▶ **WHAT TO WORK ON**: Beginning with the line that contains "The third option" in the material below, print each line exactly until the line that contains "When I walk" has been printed, then stop.

▶ **TASK INPUTS**:
━━━━━━
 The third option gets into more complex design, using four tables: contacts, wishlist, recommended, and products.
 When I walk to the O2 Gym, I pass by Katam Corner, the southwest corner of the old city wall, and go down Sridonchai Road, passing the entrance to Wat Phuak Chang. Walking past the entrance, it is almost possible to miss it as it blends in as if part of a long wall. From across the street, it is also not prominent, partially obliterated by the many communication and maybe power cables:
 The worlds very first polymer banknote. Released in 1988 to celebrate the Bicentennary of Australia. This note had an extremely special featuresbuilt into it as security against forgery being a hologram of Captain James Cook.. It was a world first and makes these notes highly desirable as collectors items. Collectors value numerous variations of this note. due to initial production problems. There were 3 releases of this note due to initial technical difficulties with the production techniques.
━━━━━━
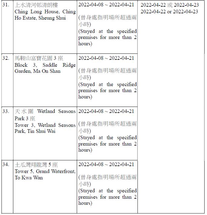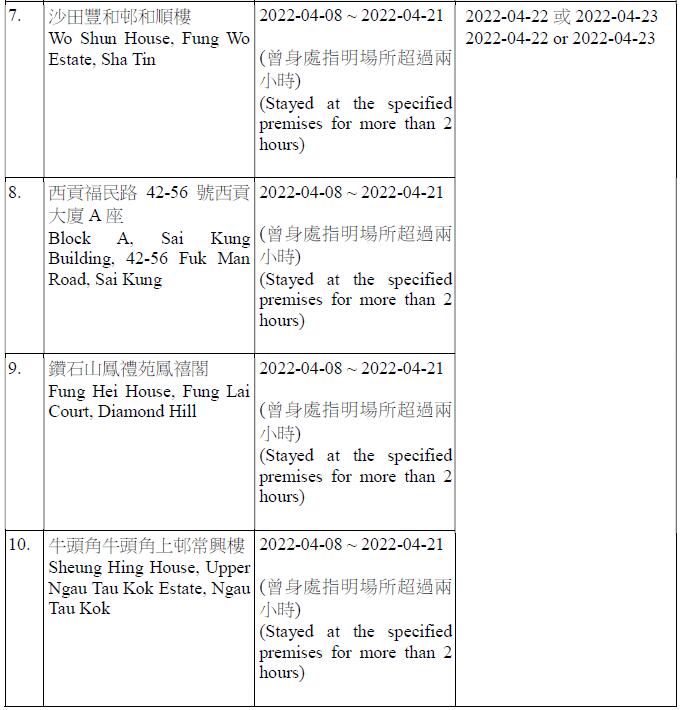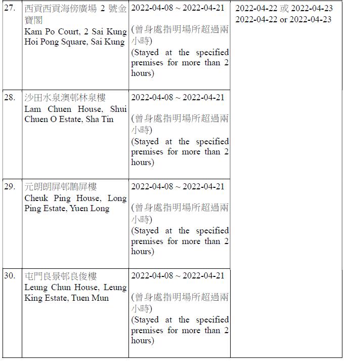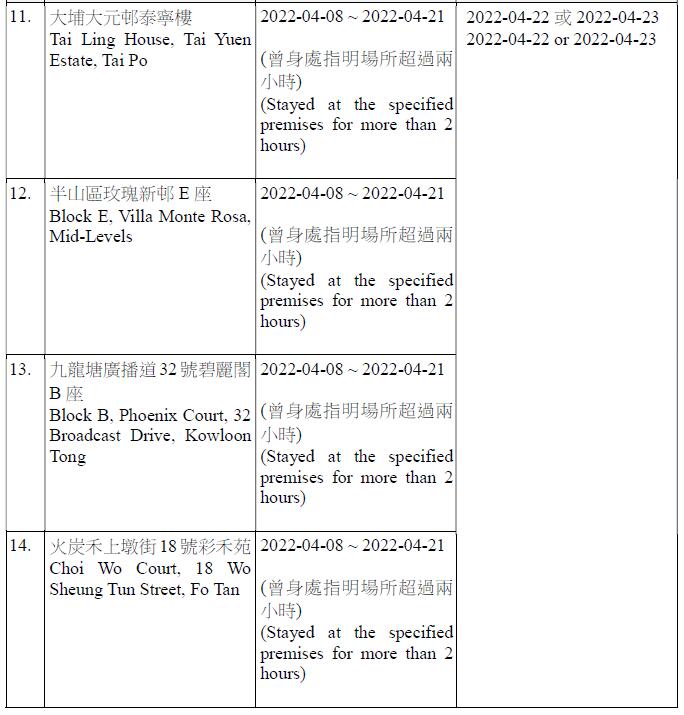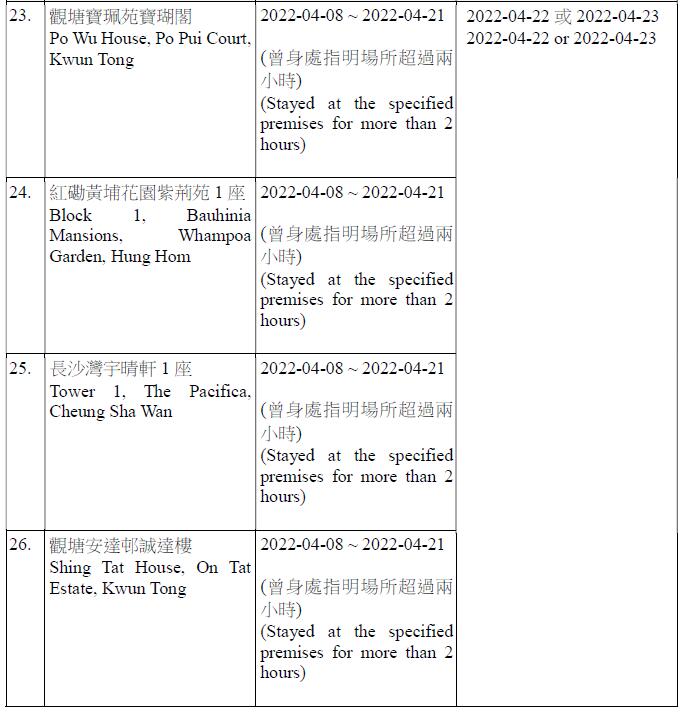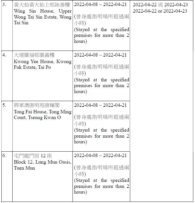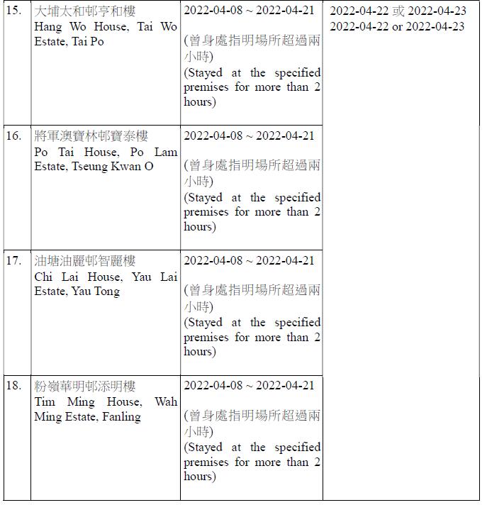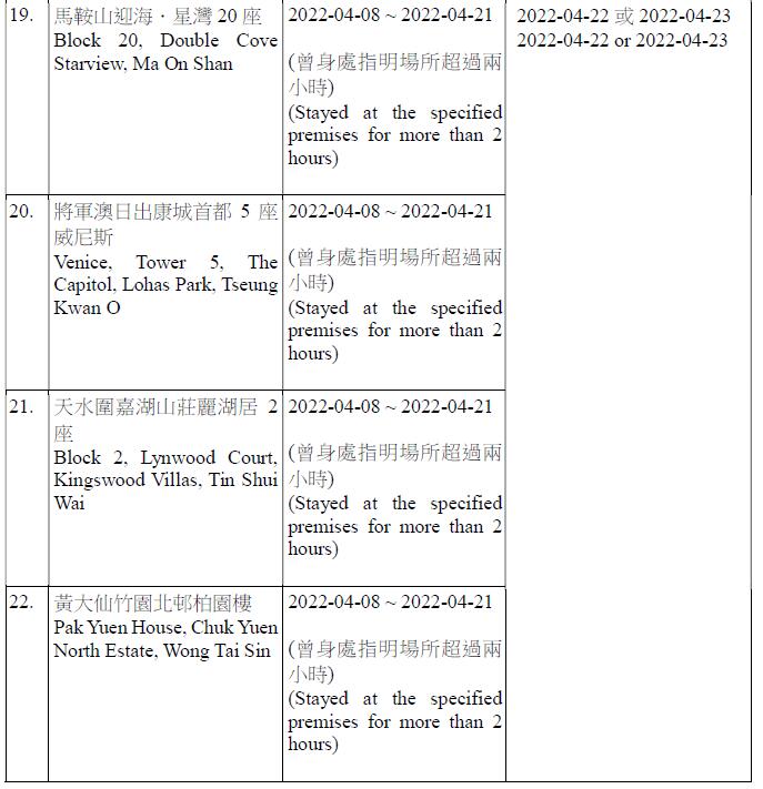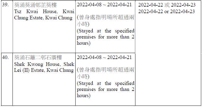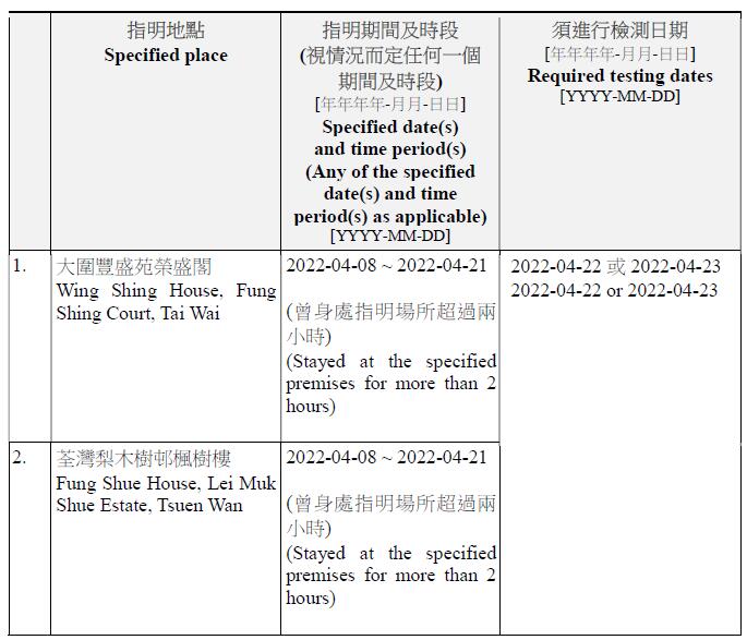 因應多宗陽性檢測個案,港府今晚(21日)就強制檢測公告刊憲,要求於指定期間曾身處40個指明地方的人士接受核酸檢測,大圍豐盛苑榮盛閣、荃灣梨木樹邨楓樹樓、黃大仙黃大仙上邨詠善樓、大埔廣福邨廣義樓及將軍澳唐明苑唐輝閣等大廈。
━━━━━━
▶ **EXERCISE ANSWER**:
 The third option gets into more complex design, using four tables: contacts, wishlist, recommended, and products.
 When I walk to the O2 Gym, I pass by Katam Corner, the southwest corner of the old city wall, and go down Sridonchai Road, passing the entrance to Wat Phuak Chang. Walking past the entrance, it is almost possible to miss it as it blends in as if part of a long wall. From across the street, it is also not prominent, partially obliterated by the many communication and maybe power cables:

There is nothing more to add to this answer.